Wenn es gelingt, einen „genetischen Träger“ für die jeweiligen Veränderungsziele zu definieren (eine Runde aus mittleren Führungskräften beispielsweise oder ein bestimmtes Team zusammen mit relevanten „Schnittstelleninhabern“ aus anderen Teams) und diese Gruppe zu befähigen, produktiv miteinander zu arbeiten — die Trennung von Führungsverantwortung und/oder Fachexpertise und/oder Moderatorenrolle ist oft hilfreich — dann ist dies oft der bessere Weg als die schlichte Anreicherung von bestimmten Rollen.
Die Autorität kommt dennoch zurück, denn mit den beschriebenen Entwicklungen erhöht sich auch die Unsicherheit. Das heißt, die genannten Führungskräfte werden „symbolisch“ relevanter, indem sie Sicherheit und Rückhalt geben. Aber sie sollten das nicht tun, indem sie mehr eigene Entscheidungen treffen oder „durchregeln“, sondern indem sie entsprechende Prozesse schaffen und die Verantwortung dorthin delegieren, wo sie hingehört, ohne sich das Recht auf ein „letztes Wort“ in kritischen Situationen nehmen zu lassen. Dann werden Sicherheit und Entscheidungsfähigkeit zum „Besitz der Gruppe“, und die Kommunikation in der Organisation wird vertrauensvoller und proaktiver.

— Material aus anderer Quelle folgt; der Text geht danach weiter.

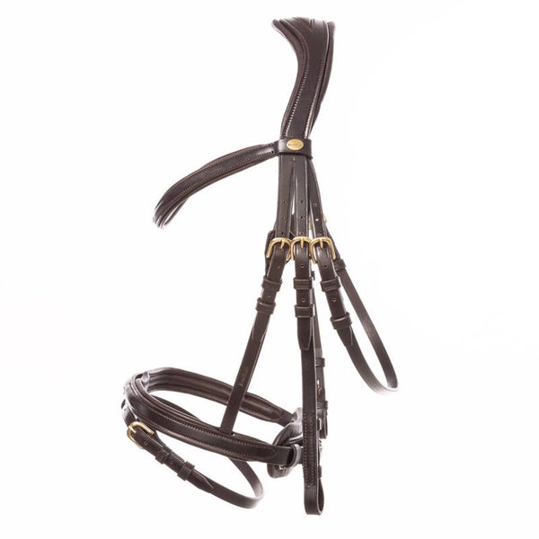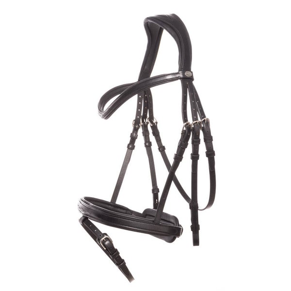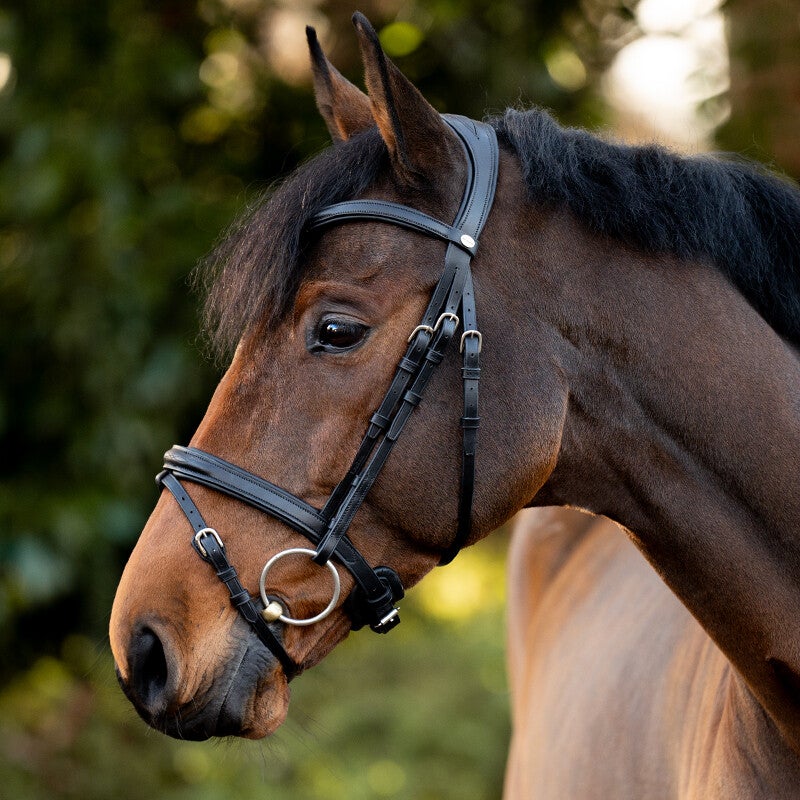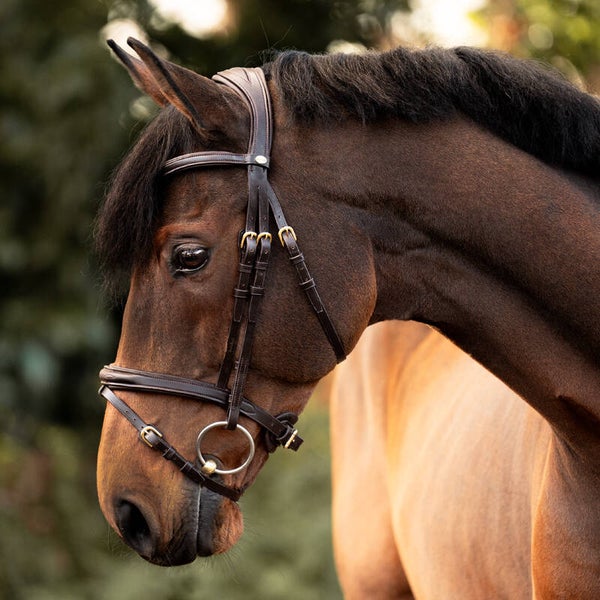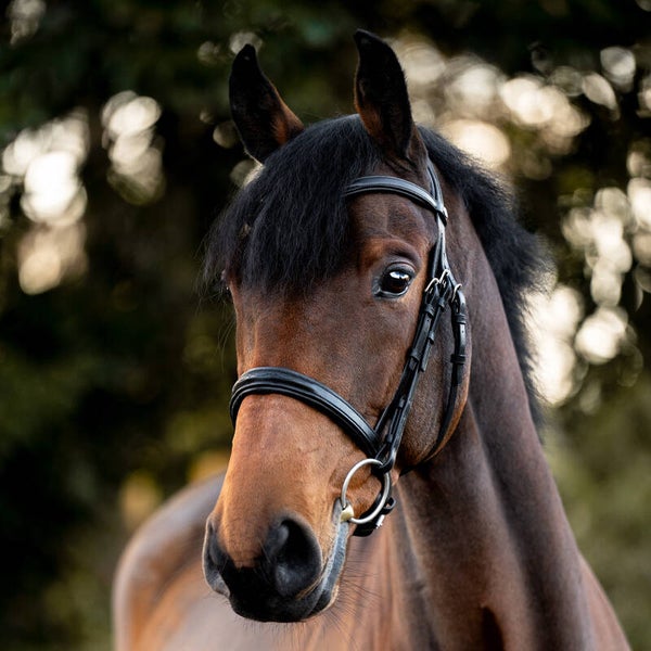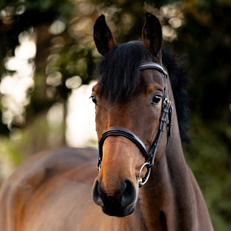 Le bridon « Robin » est confectionné en cuir allemand de haute qualité et possède une têtière particulièrement souple et de forme anatomique. Le rembourrage doux de la muserolle et du frontal offre un confort exceptionnel au cheval. La muserolle est réglable des deux côtés. Le bridon est vendu sans rênes.
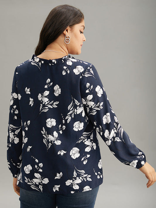 Silhouette Floral Print Ruffles Lantern Sleeve Blouse
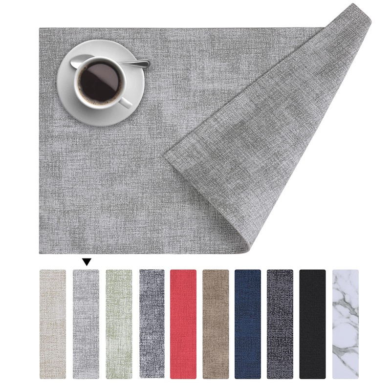 Homaxy Faux Leather Heat Resistant Placemats for Dining Table Set of 6, Waterproof Wipeable Washable PU Table Mats, Easy to Clean Anti-Slip Place Mats, 11.8" x 17", Light Grey
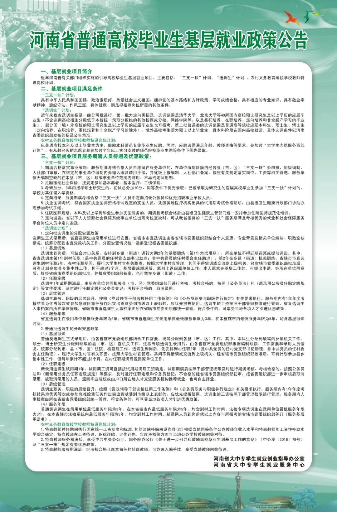河南省高校毕业生就业创业政策
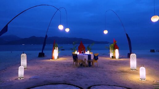 Романтик на пляже, по шум океана. Столик с белоснежной скатертью, мерцание свечей и холодное шампанское. Гили Эйр, Бали.
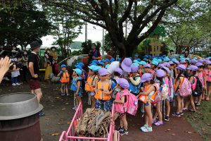 宿泊できない事は大変残念で、苦渋の決断となりましたが、できる時間内でめいっぱい楽しもう!と、年長の担任をはじめ、職員全員の思いが詰まった1日が始まりました!!
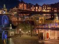 Foto collage van bekende plekken in Leiden tijdens de avond uren. De Hooglandsekerkgracht, de Zijlpoort, de Morsch poort, De waag en de reuzenrad tijdens 3 oktober
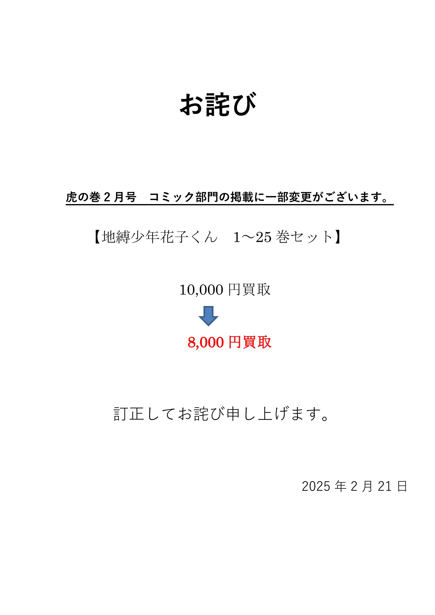 2026.02.21 お知らせ takalab_5 虎の巻2月号一部買取価格変更のお知らせ 相場価格の変動と在庫過剰により下記のタイトルの買取価格を変更させていただきます。 ⚠️こちらは2月21日時点での買取価格です。 マンガ倉庫大分わさだ店独自の買取価格となっております。 予めご了承ください。 関連 コメントを残す コメントをキャンセルメールアドレスが公開されることはありません。 ※ が付いている欄は必須項目ですコメント ※ 名前 ※ メール ※ サイト 新しいコメントをメールで通知 新しい投稿をメールで受け取る Δ
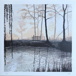 Aquarelprint van een Vlaams landschap, gesigneerd
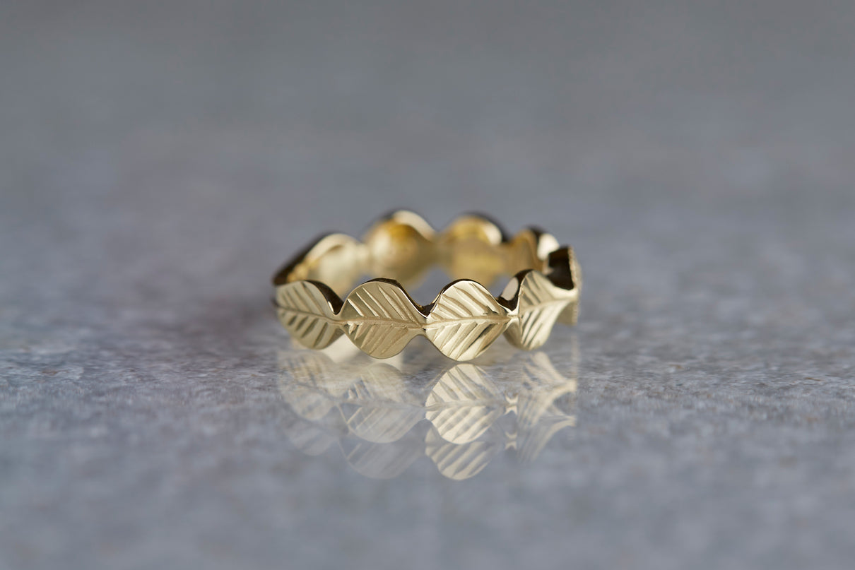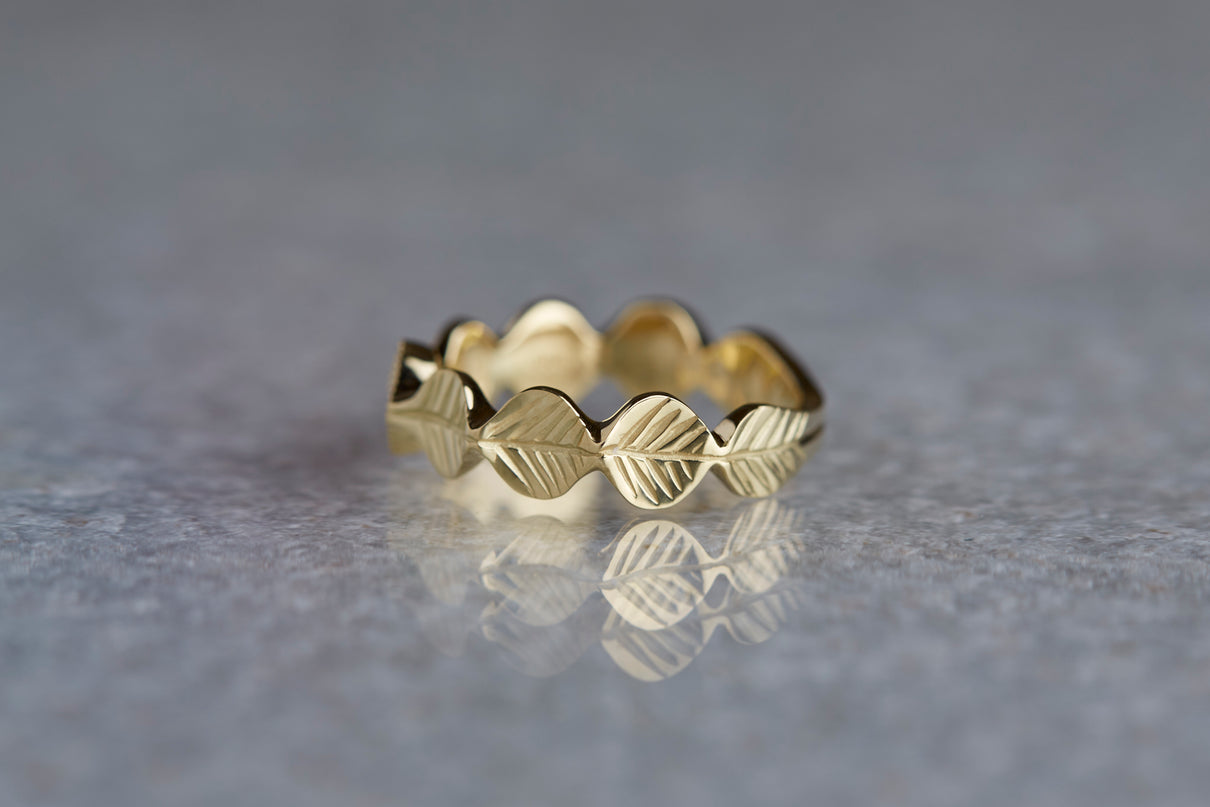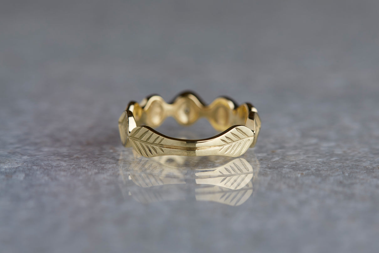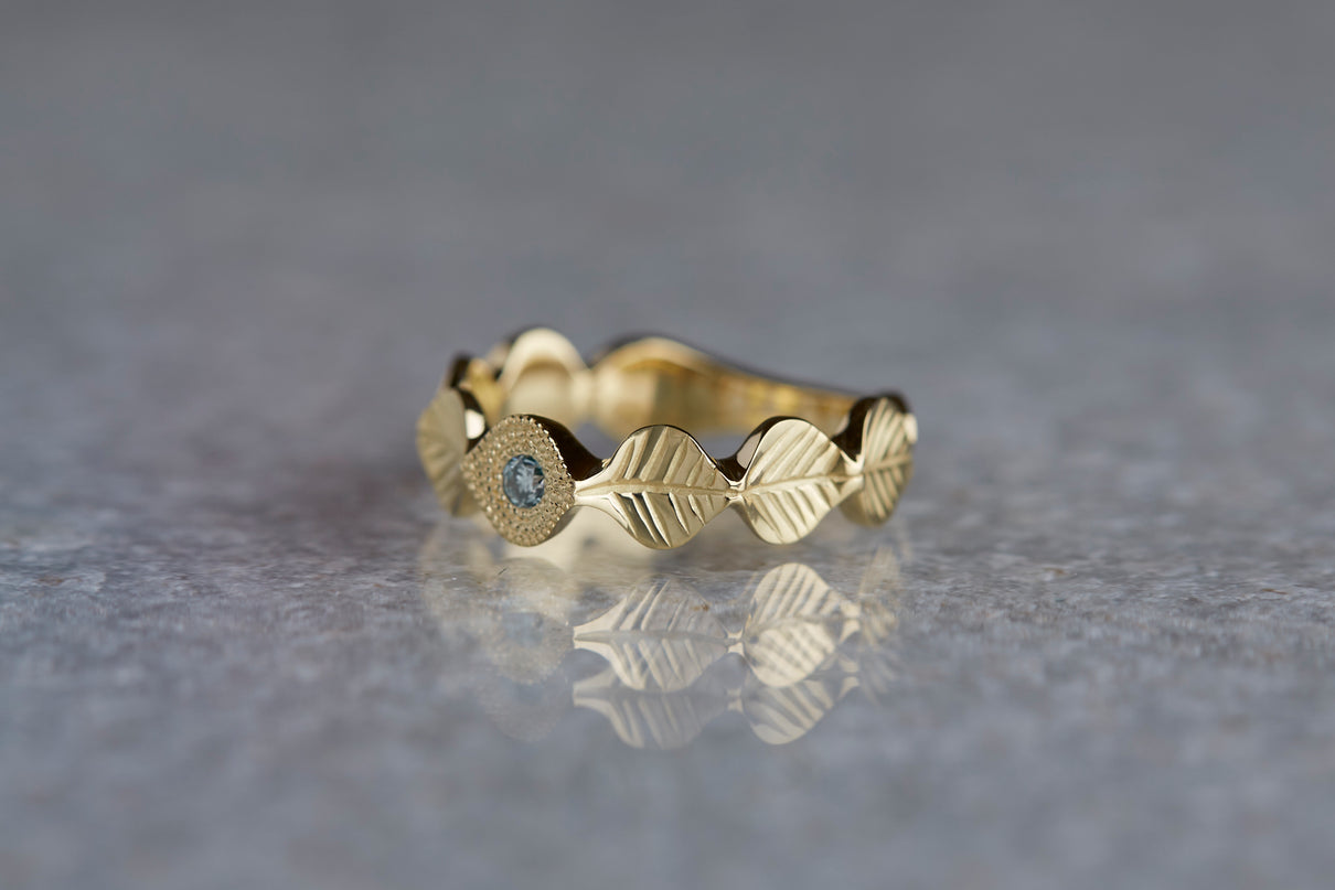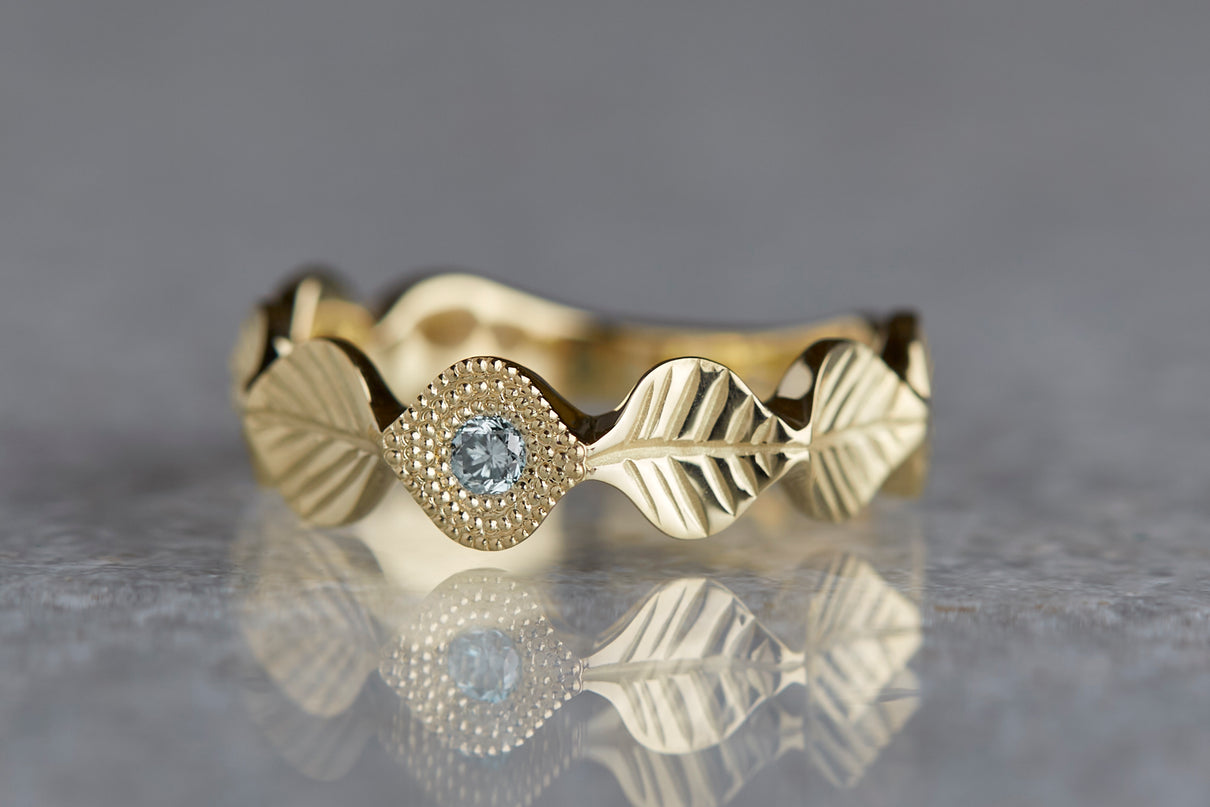 いくつも連なる葉っぱをモチーフに、1枚1枚わずかに異なる表情に遊び心を込めた " Leaf " コレクション。海の遠浅に見られる鮮やかなシーグリーンのブリリアントカットのダイヤモンドを、細かな手仕事のミル打ちで贅沢に縁取った一点もののリングです。ダイヤモンドの台座もさりげなく葉っぱをイメージさせるシェイプに仕立て、全体に滑らかなリズムを与えました。シーグリーンとイエローゴールドのコントラストが華やかに映え、その対比によりゴールドに施された細やかな手仕事をより際やかに感じていただけます。装いの主役として日常的に身に着けていただくのはもちろん、特別な贈りものにも最適なアイテムです。
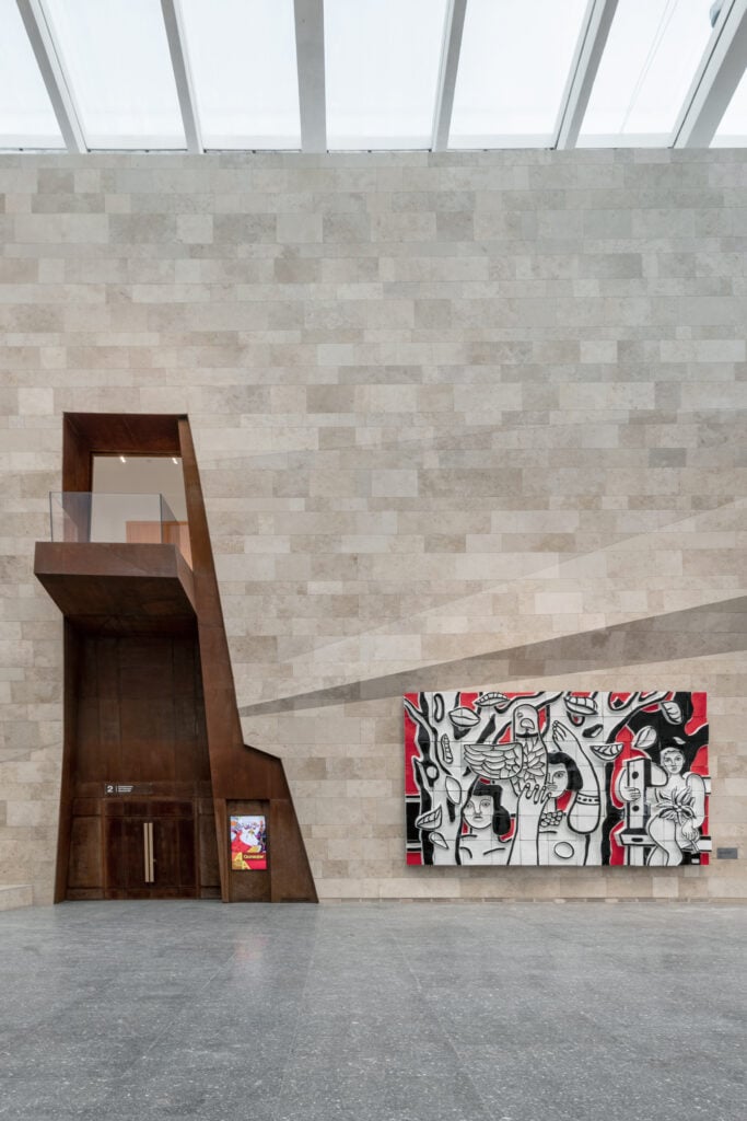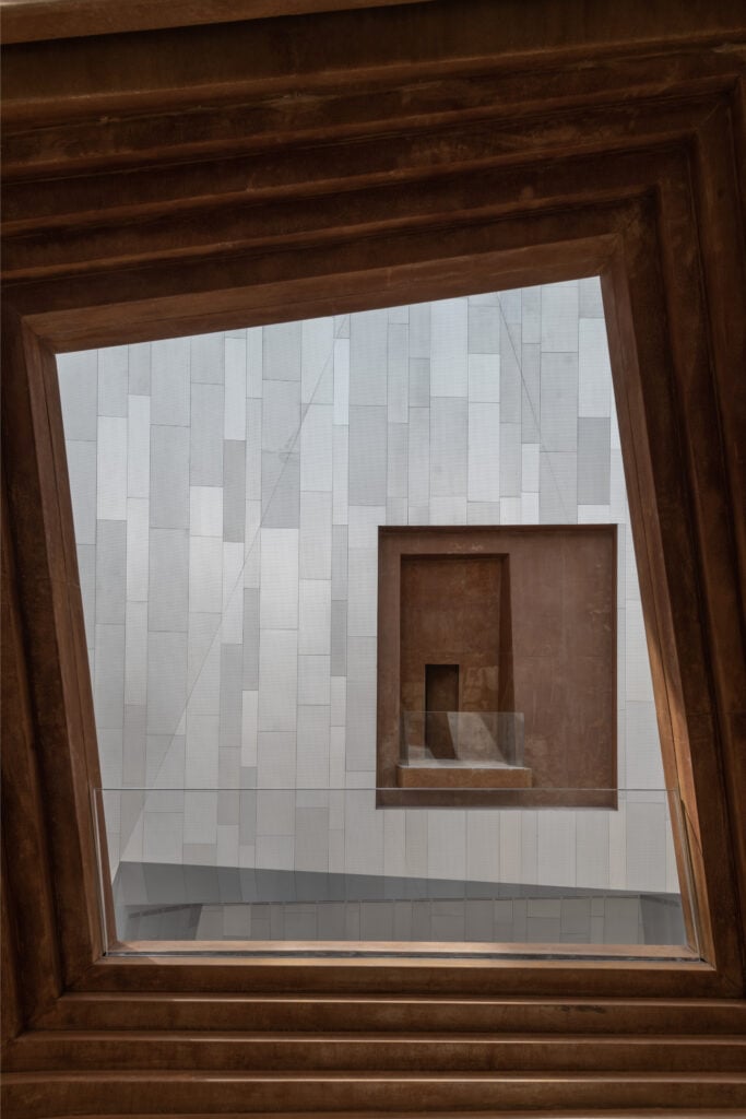 The museum’s interiors make use of Cor-Ten as the material for expressive doorways, casings, and window linings. The concept was geological, as Lanskbury explains, “that when you cut into surfaces there’s something different beneath” and Cor-Ten seldom seems so vibrantly orange as when against the muted limestone. The trouble is that the limestone and Cor-Ten pairing is so inspired that the aluminum portions look a bit anodyne by comparison. More has been done with the limestone otherwise; it morphs naturally into a grand stair and then into a bench, and more. Aluminum unfortunately reads just as cladding. Keep your gaze fixed on the good half.

In einem Kindergarten kann das zum Beispiel bedeuten, dass die Leiterin auf zunehmende Kritik oder Hinterfragung durch Eltern reagiert, indem sie gemeinsam mit ihrem Team überlegt, wie damit umgegangen wird, was konstruktive Kritik und was übertriebene Hinterfragung ist usw. Damit schafft sie ein starkes, sich selbst vergewisserndes Team und muss sich nicht selbst jedes Mal in die Bresche werfen — um ihr Team damit nur temporär zu entlasten und dadurch mit der Zeit selbst zur „Sollbruchstelle“ zu werden. Sie kann ihrer symbolischen Autorität Rechnung tragen, indem sie Sicherheit und Rückhalt signalisiert und einen kollektiven Prozess der Vergegenwärtigung schafft, der kollektive Verantwortungsübernahme, gegenseitige Unterstützung und proaktives Handeln bewirkt. Wichtig ist nur, den betreffenden Prozess entsprechend offen und kontinuierlich zu gestalten.